The above shortcomings are effectively addressed by Domestic REPE (Domestic Real Estate Private Equity) funds which are managed by team of experts with defined investment strategy. REPE funds are pooled vehicles registered with SEBI. Duration of these funds is typically 5-7 years.

REPE comprises of professionals with experience in real estate, construction and asset management experience. These funds have a defined investment strategy which defines investment criteria, financial norms and location strategy. This mitigates concentration risk of area, developer and segments.

In case of residential real estate, investment strategy involves selection of micro-markets which are established/upcoming growth corridors in a given city/region. Micro-markets are selected based on extensive research of factors like employment growth, infrastructure developments like roads, railways, metro railway, airports facilities, healthcare and educational facilities.

The Asset Management Professionals of REPE funds are in a better position to select right development partner based on objective selection criteria. They have hardcore construction experience to monitor day-to-day progress of projects invested; this ensures timely completion of projects with requisite standards.

Success of REPE funds is based on their ability to invest in quality projects with timely completion. This involves proper assessment of developer risk and completion risk. Developer risk is more on account of over leveraging and over commitment. Completion risk is on account of quality and committed time duration.

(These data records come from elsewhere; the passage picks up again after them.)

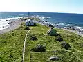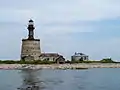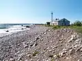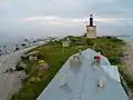 На острові знаходиться маяк, схожий на графин, заткнутий зверху пробкою: його низ являє собою зрізаний кам'яний конус висотою в 16 м, пофарбований білою фарбою, а верх — неширокий металевий циліндр темно червоного кольору з маяковим ліхтарем нагорі. Перший маяк був дерев'яною зрізаною пірамідою, що має в своїй основі восьмикутник. Фокальна площина маяка знаходиться на висоті 31 м. Дає білий спалах кожні 15 сек. Частина кам'яної основии вщент зруйнована штормом, тому для міцності споруда стягнута чотирма металевими кільцями.
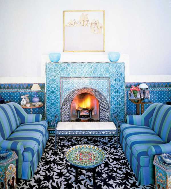 Такое смешение лежит в основе характерной для марокканских интерьеров полихромности (многоцветия). Еще одна цветовая особенность интерьеров в марокканском стиле – использование различных оттенков синего (естественных, ассоциирующихся с цветом неба) для отделки полов, стен, потолков.
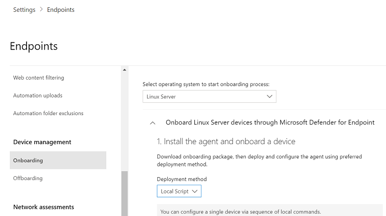 In the Microsoft Defender portal, expand the System section and select Settings > Endpoints > Device management > Onboarding.
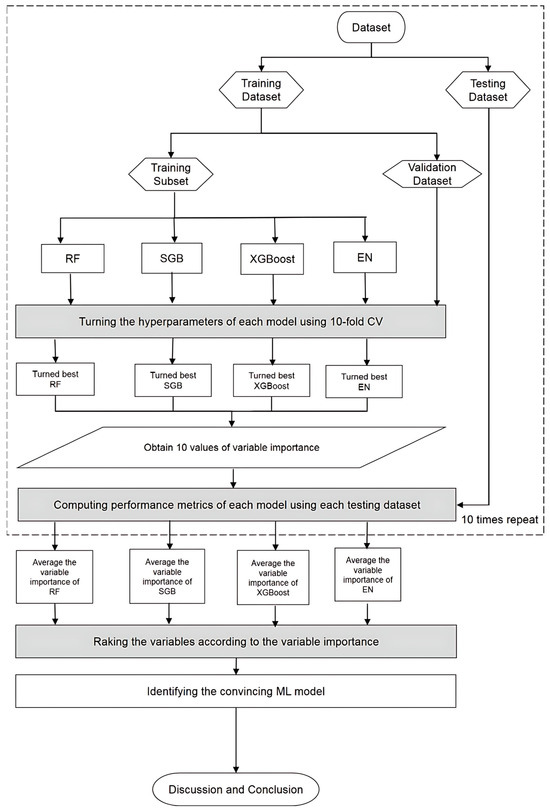 Figure 2 presents a flowchart of the proposed prediction framework and the key variable identification process that integrates all four machine learning methods. Initially, patient data were collected and preprocessed to construct the dataset. This dataset was then randomly split into 80% for training and 20% for testing. During model training, each machine learning algorithm underwent hyperparameter optimization through 10-fold cross-validation. A grid search was conducted across the parameter space to identify the best-performing configuration, with model selection based on the lowest root mean square error (RMSE) on the validation set. This established the most effective models for RF, SGB, XGBoost, and EN, and each model’s corresponding feature importance rankings were extracted.
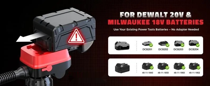 Enjoy true portability with a battery-powered design — no cords, no limits. Our pump is built to work directly with the most popular tool batteries you already own:
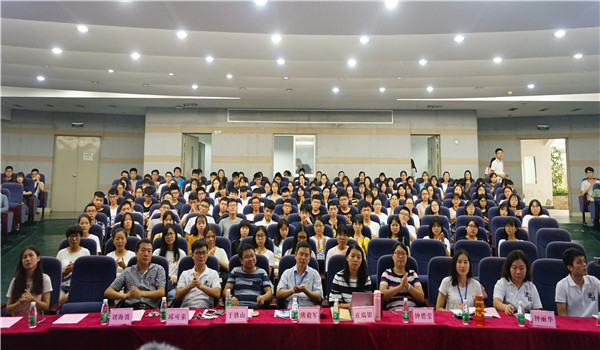 莞城校区小剧场隆重举行。强昌文院长,潘荣新书记,夏能礼副院长,丘永辉副书记,各系主任、辅导员老师以及2018级的全体新生参与了本次会议。
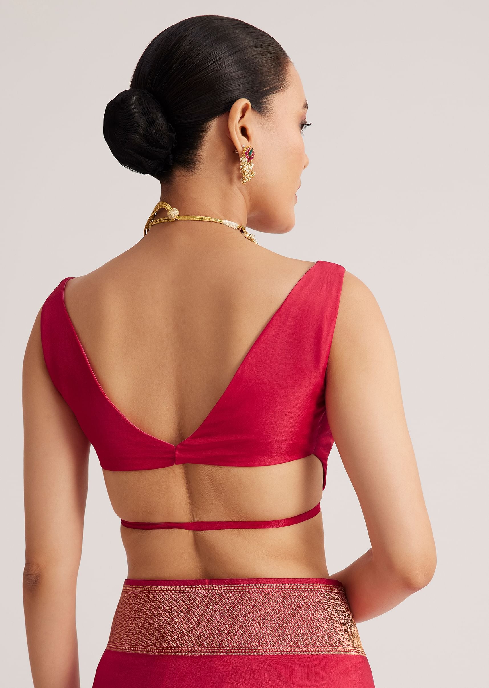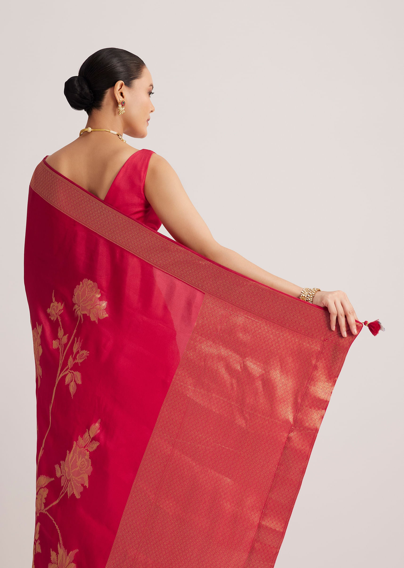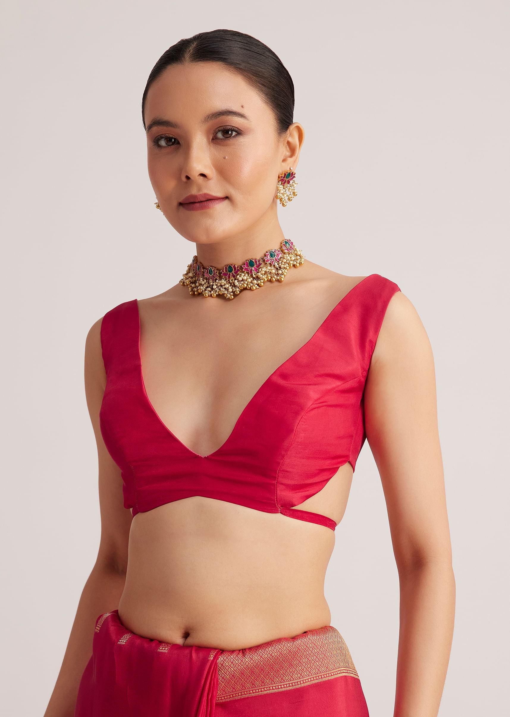 Pair this saree with a pearl choker and soft curls for an effortlessly elegant look.
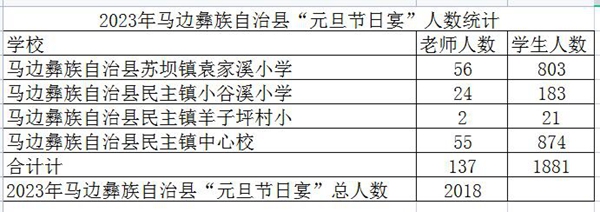 马边彝族自治县2023年元旦慈善午宴各校人数统计:
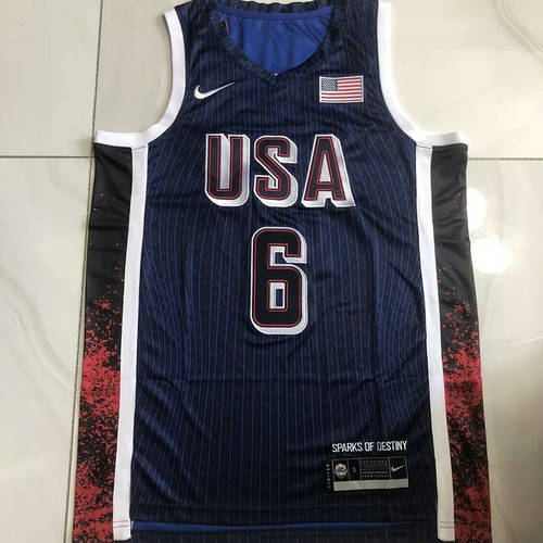 2024奥运会美国队6号詹姆斯白蓝色xs-xxl
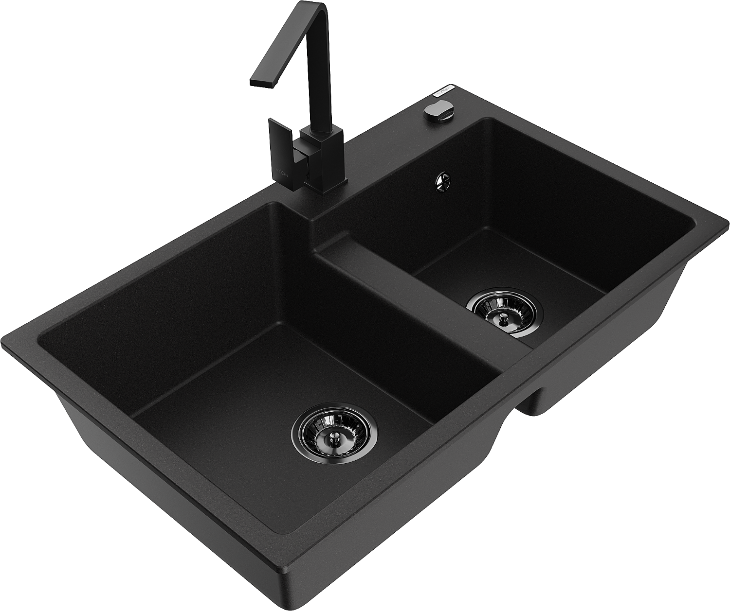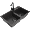 Mexen Tomas 2-bowl granite sink with Rita kitchen tap, black - 6516-77-670300-70-B

Assessment is based on criterion like developer profile, construction quality, execution record, financial position, legal and regulatory history. The projects are also examined with respect to regulatory approvals received and proposed plan. Financial viability of project ensures that proper estimates of cost and pricing is undertaken.

…to be continued

HNI money into real estate PE ensures risk mitigation-I

Posted on by Track2Realty

By: Amit Bhagat, MD & CEO, ASK Property Investment Advisors

Amit BHagat  ASK, India real estate news, Indian realty news, Property new, Home, Policy Advocacy, Activism, Mall, Retail, Office space, SEZ, IT/ITeS, Residential, Commercial, Hospitality, Project, Location, Regulation, FDI, Taxation, Investment, Banking, Property Management, Ravi Sinha, Track2Media, Track2RealtyTrack2Realty Exclusive: In the current scenario, investment in Real estate sector has been a challenging task due to complexity of the real estate markets in various cities. The complexity has evolved as a result of local planning regulations, social and demographic features, economic profile and legacy issues.

This is further compounded by the macro-economic factors like interest rates, credit regulations, economic/income growth and resulting affordability as well as tax considerations.

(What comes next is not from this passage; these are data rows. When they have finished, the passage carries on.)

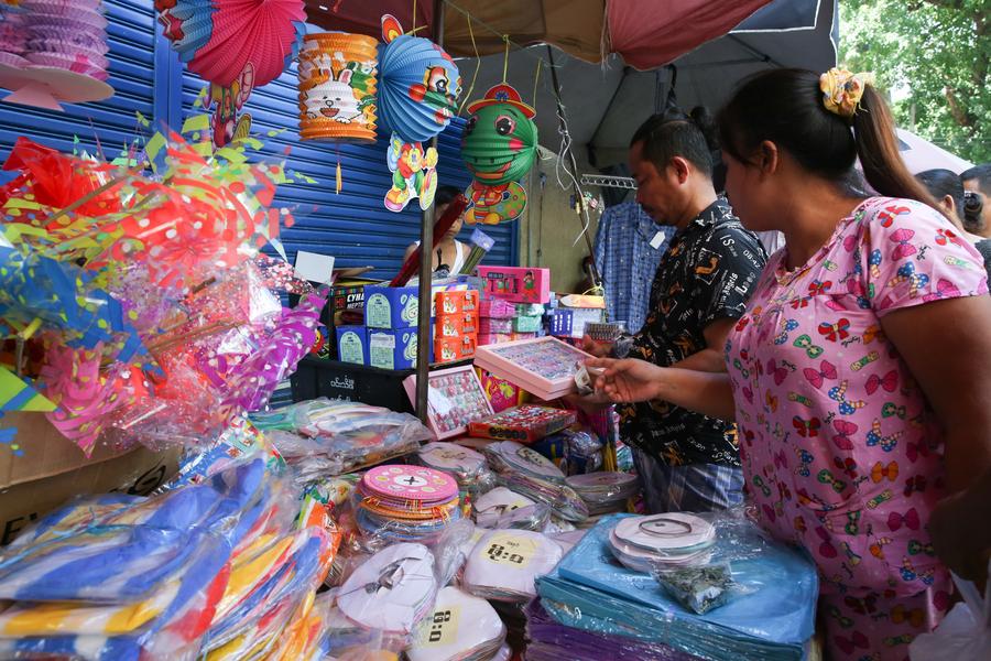 Stalls selling lanterns and other festive items have come alive in downtown Yangon. Some of these stalls are adorned with Chinese lanterns, with most products imported from China.
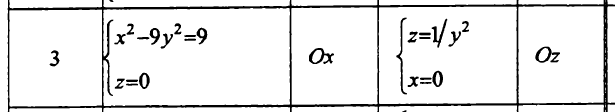 • Задача 1. Написать уравнение поверхности, полученной вращением заданной кривой вокруг заданной оси (табл. 3). Сделать рисунок поверхности.
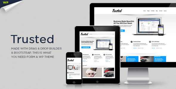 Trusted is a responsive WordPress Theme (try resizing your browser), suited for business websites and users who want to showcase their work on a neat portfolio site. The Theme is built with Themeple Framework V2 with a lot of new options and Page Builder V2 with drag and drop and resizable blocks.

However, the most important task of selecting the right segment, project and right developer pose a challenge given the localised nature of the industry. Real Estate PE funds are most competent to address the above complexities due to their experience in real estate investment, construction/asset management and risk management.

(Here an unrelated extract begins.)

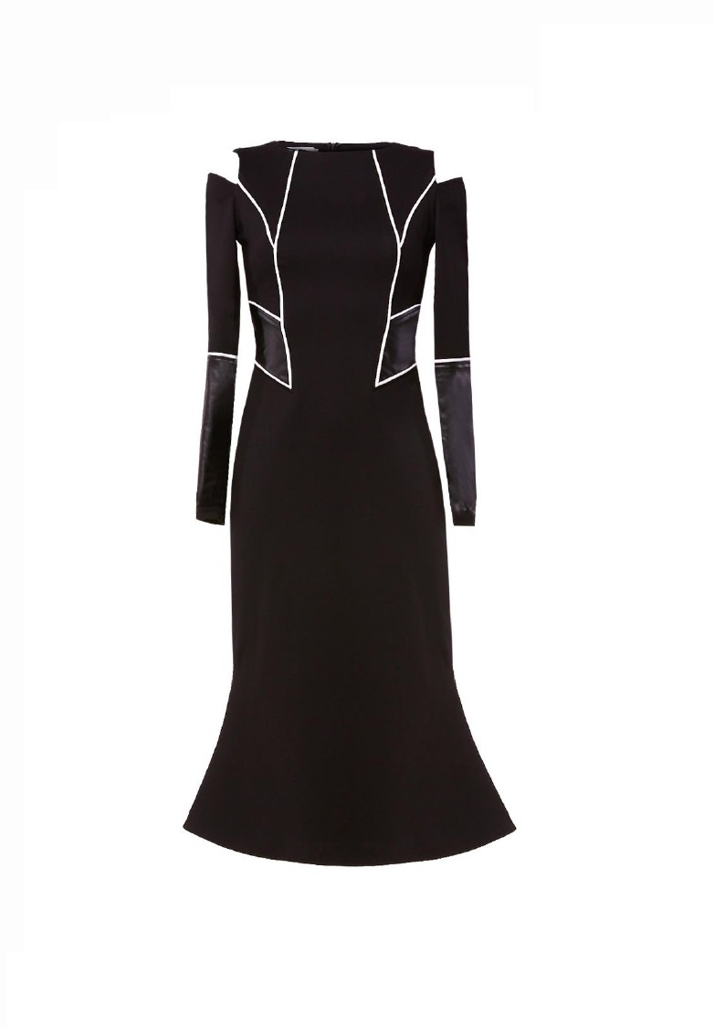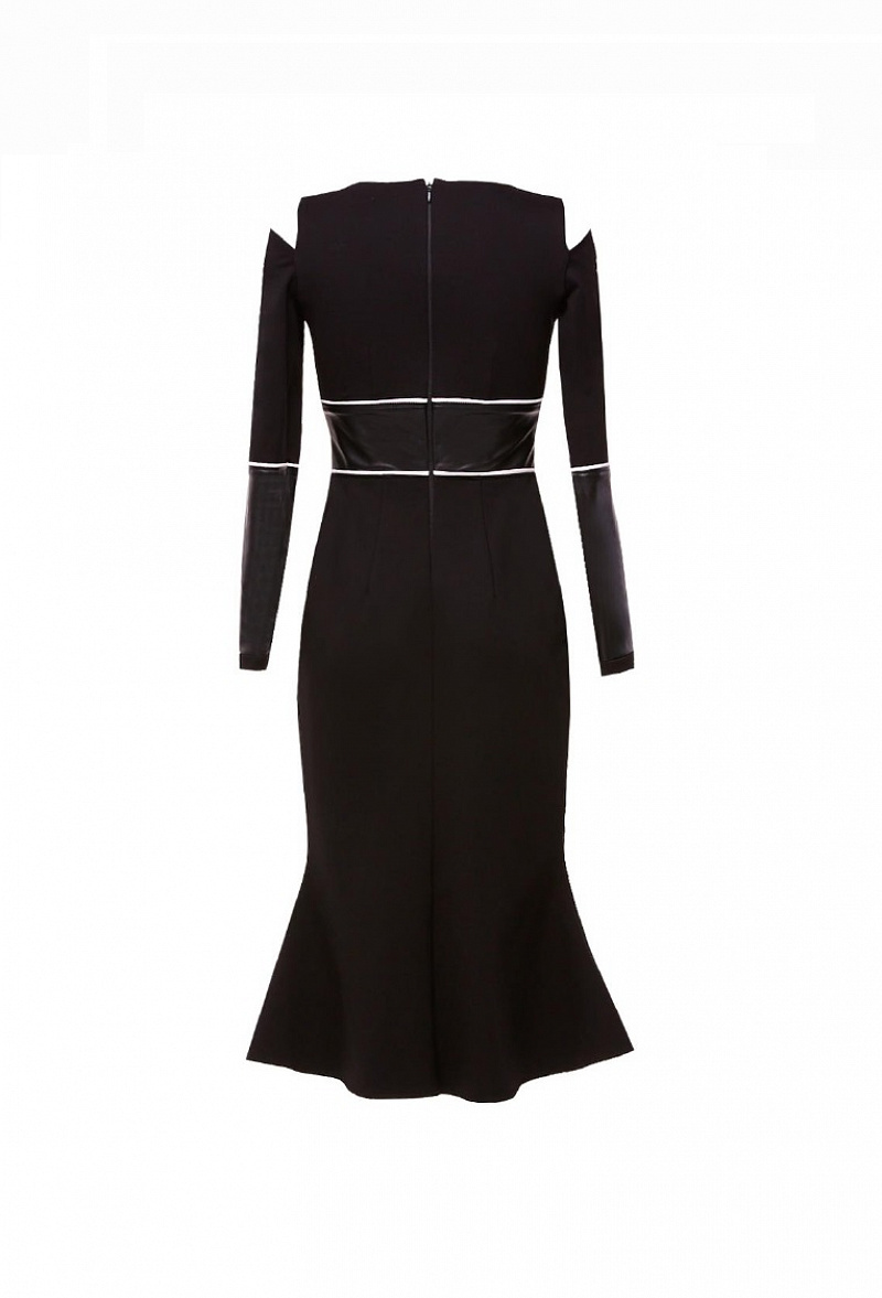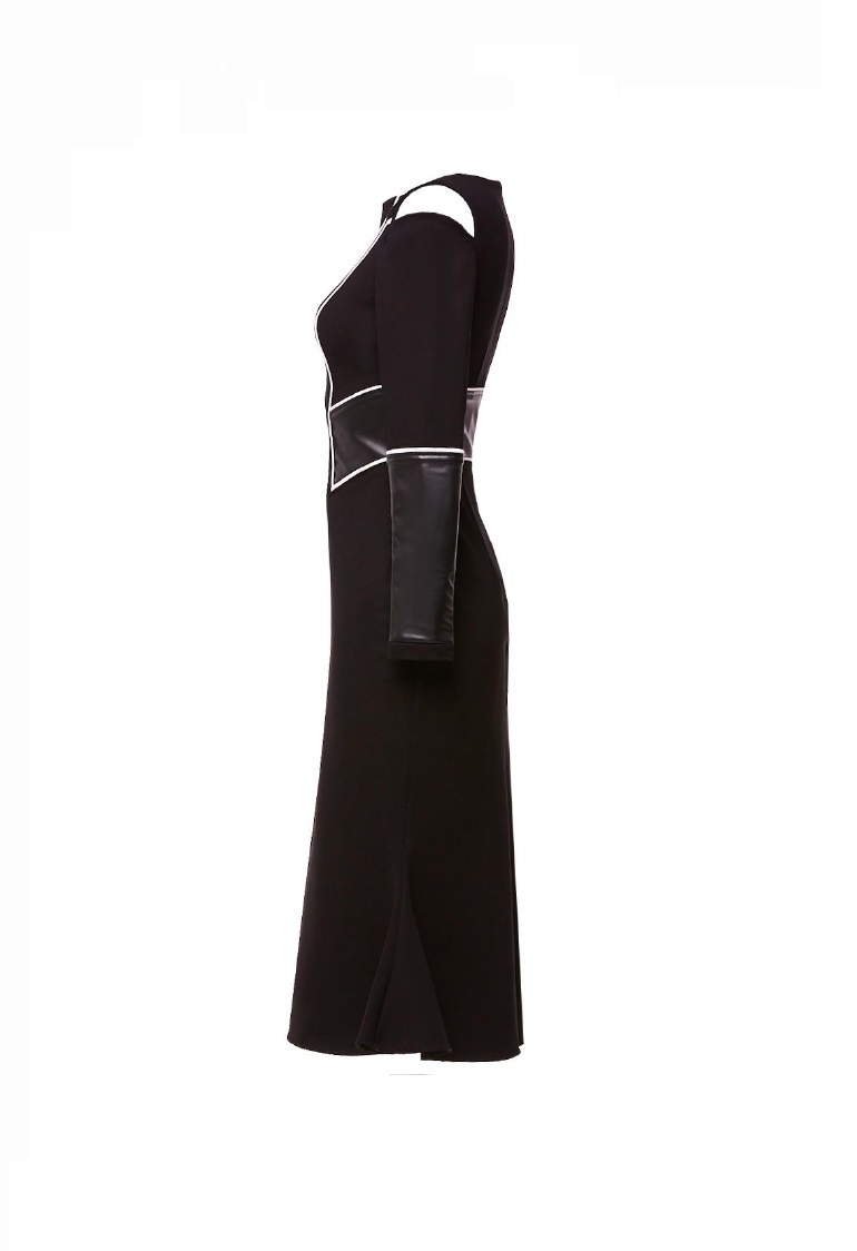 Платье с юбкой годе, геометрическими вставками в т.ч. из экокожи, прорезями на головке рукава

Conventionally investors have been addressing these issues partially. One is most likely to invest in a city where one resides. This leads to concentration of all investments in one market which is not a prudent investment practise. For instance this risk is being more appreciated by investors in Hyderabad due to current socio-political crisis prevailing in the state.

The investor may not be in a position to identify growth corridors that could offer superior risk adjusted returns. A growth corridor can be described as emerging location in a city with better infrastructure and job creation opportunities.

In addition to concentration risk, direct investments brings with itself higher percentage of transaction cost through stamp duty/registration. These transaction costs necessitate a higher appreciation before any return is earned.

For instance, an investment of Rs 5000 per sq ft should become Rs 10,500 per sq ft to absorb stamp duty/registration cost of Rs 500 per sq ft and balance Rs 5000 per sq ft will offer 26% IRR (Internal rate of return) over 3 year period provided entire payment has been made upfront.